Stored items
◆ ◆ ◆ ◆ ◆ ◆ ◆

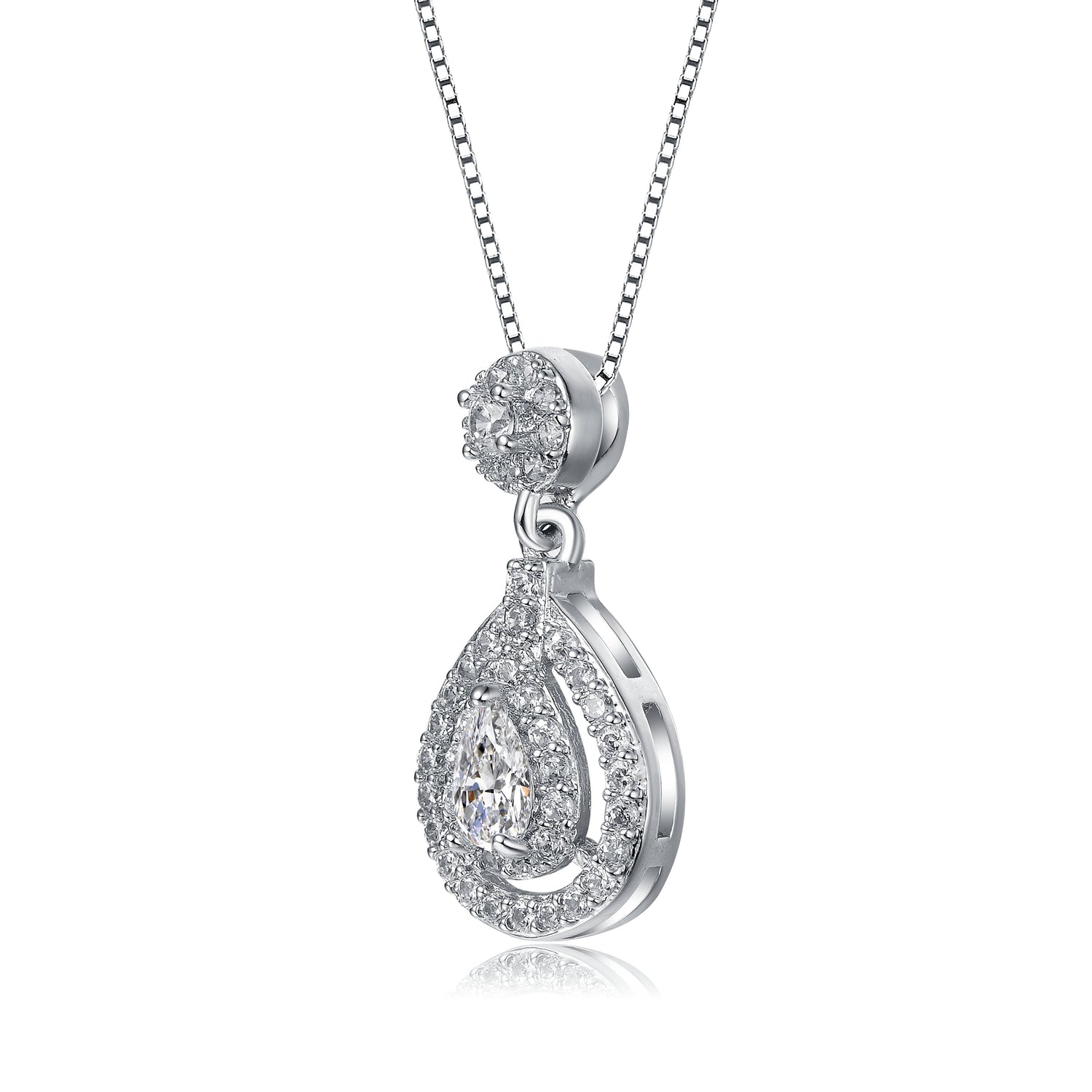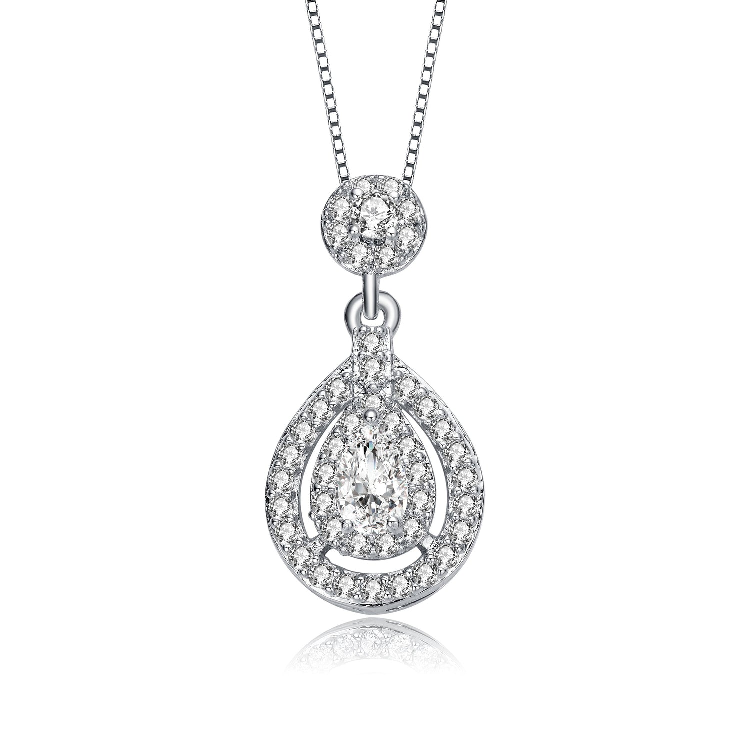 Sterling Silver With Rhodium Plated Pear And Round Cz Accent Drop Pendant Necklace
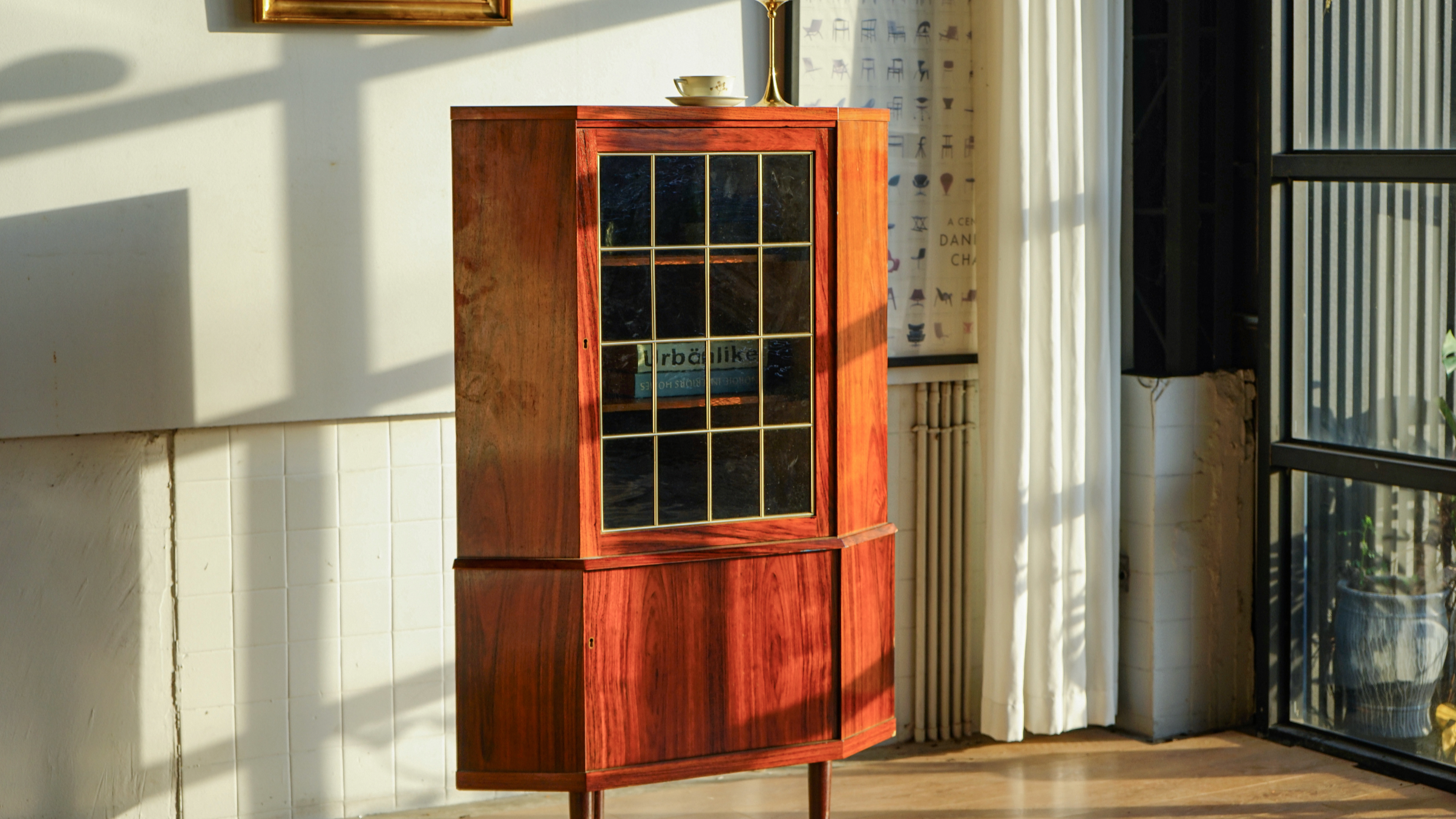 丹麥 玫瑰木 玻璃 轉角展示櫃
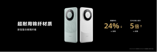 此次玄武架构选择了锦纤材质。作为一种具有超韧、超轻特点的纤维材料,它一方面能够将抗冲击能力提升5倍并加强回弹性,另一方面可以使后盖的表面处理效果提升均匀性和稳定性,并大幅提高耐磨度。不仅如此,从外观美学而言,锦纤后盖还可以带来玉石般的立体纹理和丰富层次感,为消费者提供柔美光感和不易沾染指纹亲肤感的产品体验。
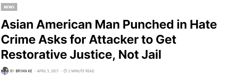 美西时间4月7日,据nextshark报道,一名波特兰男子于去年袭击一名华裔男子,该名嫌疑人承认了偏见罪。但是,这名华裔男子表示原谅嫌疑人,并向美国法庭要求施暴者和被害者和解。
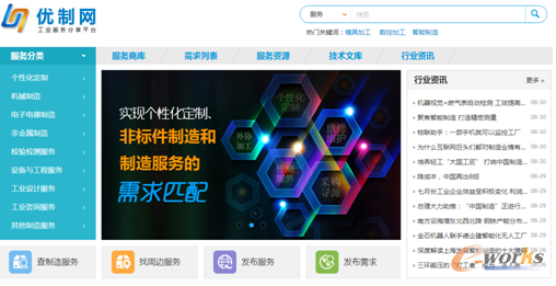 武汉材料保护研究所 Umade优制网(www.Umade.com.cn )工业服务分享平台,以制造服务和服务型制造为核心的制造资源分享平台,为企业提供制造资源、制造能力和技术服务能力的展示、推广与业务承接机会,帮助企业匹配合格服务商,实现制造企业间资源的优化与共享,让闲置资源通过服务产生价值。 在优制网平台上,服务方企业可将富余或闲置的制造能力、制造资源和专业服务能力在平台上进行展示和分享,并通过平台承接其他企业的业务需求,充分发挥闲置资源的能力和价值。需求方企业可以在平台上发布加工、生产和专业服务等业务需求,并通过专业的服务搜索引擎实现服务方企业的服务类别、服务能力和服务资源的匹配,解决专业化的外协外包需求。优制网不仅可以帮助制造企业提高资源的利用价值,还可为大量的中小企业和创新型企业提供“双创”的支撑,让更多创新型企业解决加工制造和技术服务的难题。
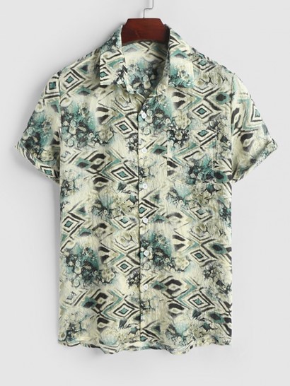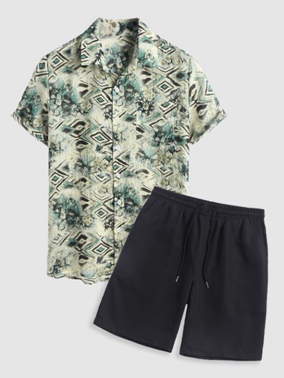 Men’s Mix And Match Two Piece Set Geometric Snake Printed Short Sleeves Shirt With Solid Color Basic Casual Shorts Set

◆ ◆ ◆ ◆ ◆ ◆ ◆

**ASSIGNMENT:** For each record above, write out its text exactly and skip any picture.

**COMPLETED EXERCISE:**
 Sterling Silver With Rhodium Plated Pear And Round Cz Accent Drop Pendant Necklace
 丹麥 玫瑰木 玻璃 轉角展示櫃
 此次玄武架构选择了锦纤材质。作为一种具有超韧、超轻特点的纤维材料,它一方面能够将抗冲击能力提升5倍并加强回弹性,另一方面可以使后盖的表面处理效果提升均匀性和稳定性,并大幅提高耐磨度。不仅如此,从外观美学而言,锦纤后盖还可以带来玉石般的立体纹理和丰富层次感,为消费者提供柔美光感和不易沾染指纹亲肤感的产品体验。
 美西时间4月7日,据nextshark报道,一名波特兰男子于去年袭击一名华裔男子,该名嫌疑人承认了偏见罪。但是,这名华裔男子表示原谅嫌疑人,并向美国法庭要求施暴者和被害者和解。
 武汉材料保护研究所 Umade优制网(www.Umade.com.cn )工业服务分享平台,以制造服务和服务型制造为核心的制造资源分享平台,为企业提供制造资源、制造能力和技术服务能力的展示、推广与业务承接机会,帮助企业匹配合格服务商,实现制造企业间资源的优化与共享,让闲置资源通过服务产生价值。 在优制网平台上,服务方企业可将富余或闲置的制造能力、制造资源和专业服务能力在平台上进行展示和分享,并通过平台承接其他企业的业务需求,充分发挥闲置资源的能力和价值。需求方企业可以在平台上发布加工、生产和专业服务等业务需求,并通过专业的服务搜索引擎实现服务方企业的服务类别、服务能力和服务资源的匹配,解决专业化的外协外包需求。优制网不仅可以帮助制造企业提高资源的利用价值,还可为大量的中小企业和创新型企业提供“双创”的支撑,让更多创新型企业解决加工制造和技术服务的难题。
 Men’s Mix And Match Two Piece Set Geometric Snake Printed Short Sleeves Shirt With Solid Color Basic Casual Shorts Set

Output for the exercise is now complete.